When most of us sit down to watch TV, the only thought generally going through our minds is ‘where’s the remote?’, and that’s okay because being entertained is the goal.
When Cory Kennedy sits down in front of his television set, entertainment is the furthest thing from his mind. As he says, “I’ll sit there and think, ‘yes it’s a TV, but it’s a rear projection TV – I wonder how that works? I wonder where the projector actually is’. I’m constantly looking past what it actually is.”
That desire to inquire further was inherited from his father, Garry, who admits to having had an innovative way of playing with toys. “Mum always told the story of how she would buy me a truck from the toy store and by the time I was home I had the back pulled off and was trying to work out how I could put a log trailer on it,” he recalls.
For Garry back then “the hardest part was that I couldn’t weld. I was only six, so I would use bits of wood and pins to make the log trailer.”

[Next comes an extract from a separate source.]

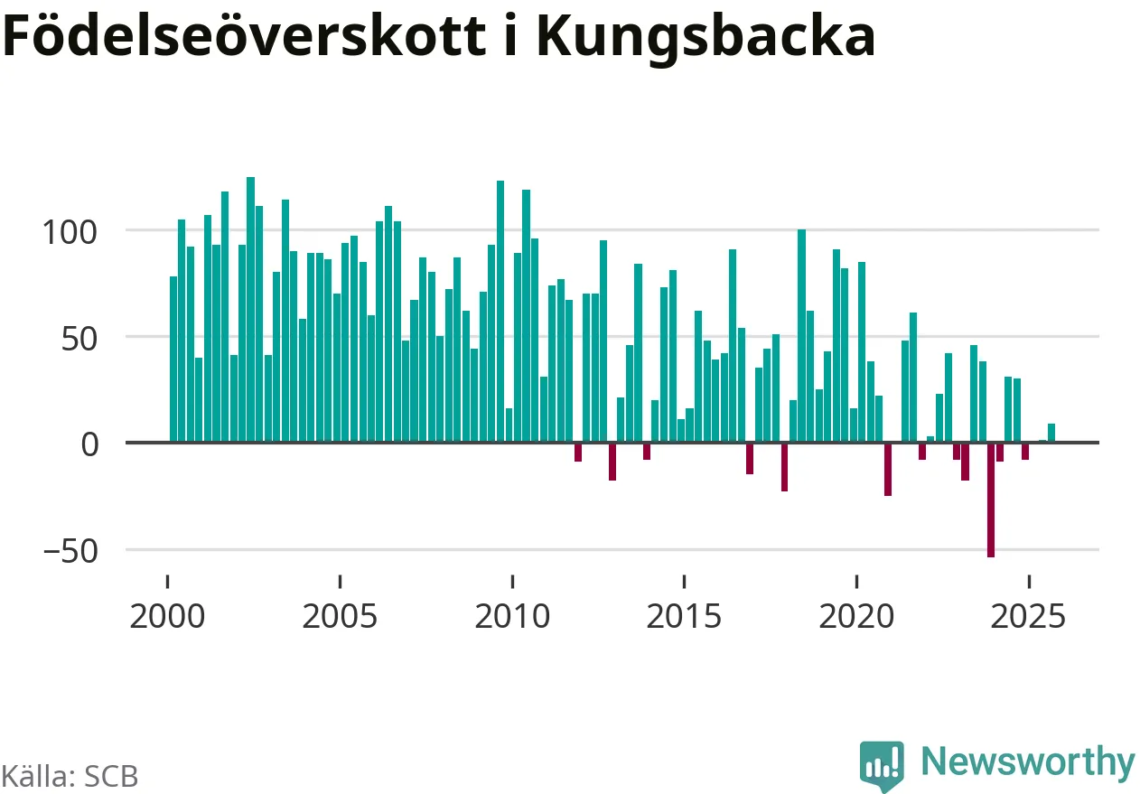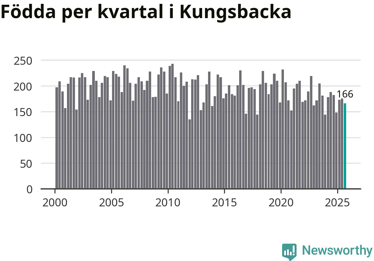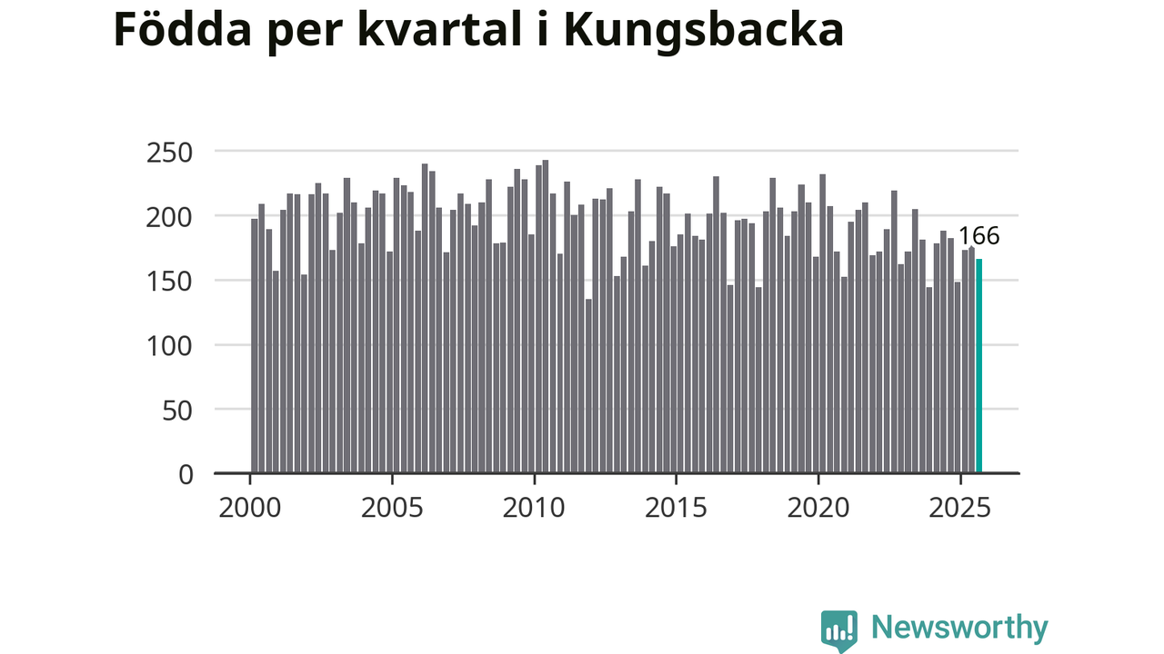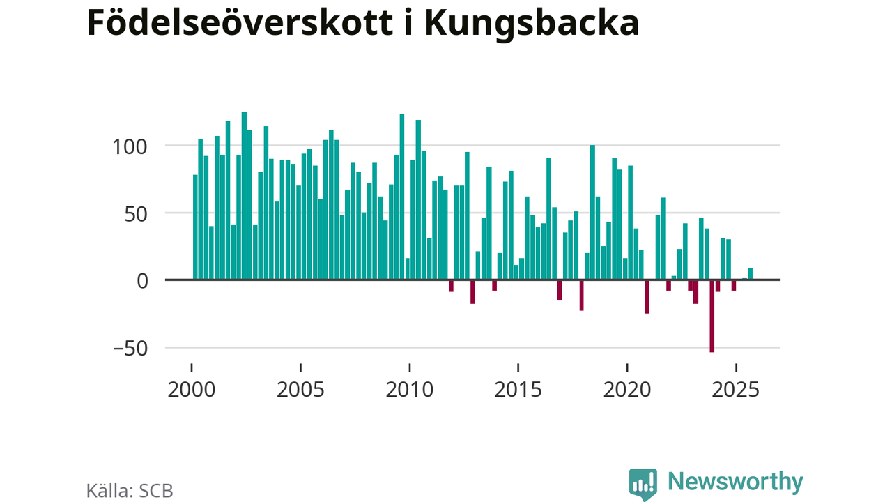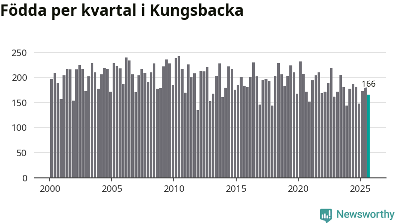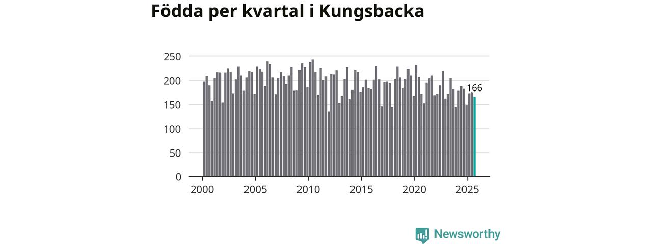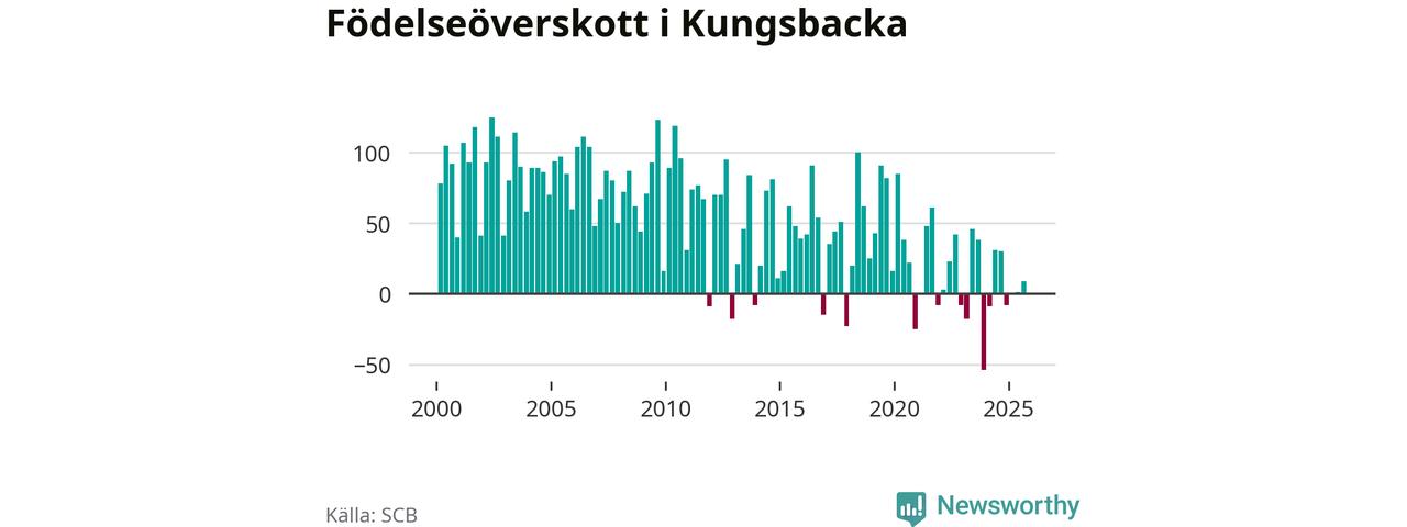 Enligt SCB:s siffror föddes 166 barn i Kungsbacka under det senaste kvartalet. Samtidigt avled 157 personer. Skillnaden mellan antal födda och döda är så liten att det inte går att säga om det beror på något annat än SCB:s röjandeskydd. Kommunen har oftast haft positivt födelsenetto tidigare.

Cory’s grandfather – Garry’s father – drove a logging truck and that fascinated him; some of his best memories are of being in the truck with his Dad and working in the shed with him, making something to fit somewhere.
Garry never set out to own a business. It was never a dream to turn his passion for dismantling toy trucks into a revenue stream. He was quite content to be paid for putting in an honest day’s work.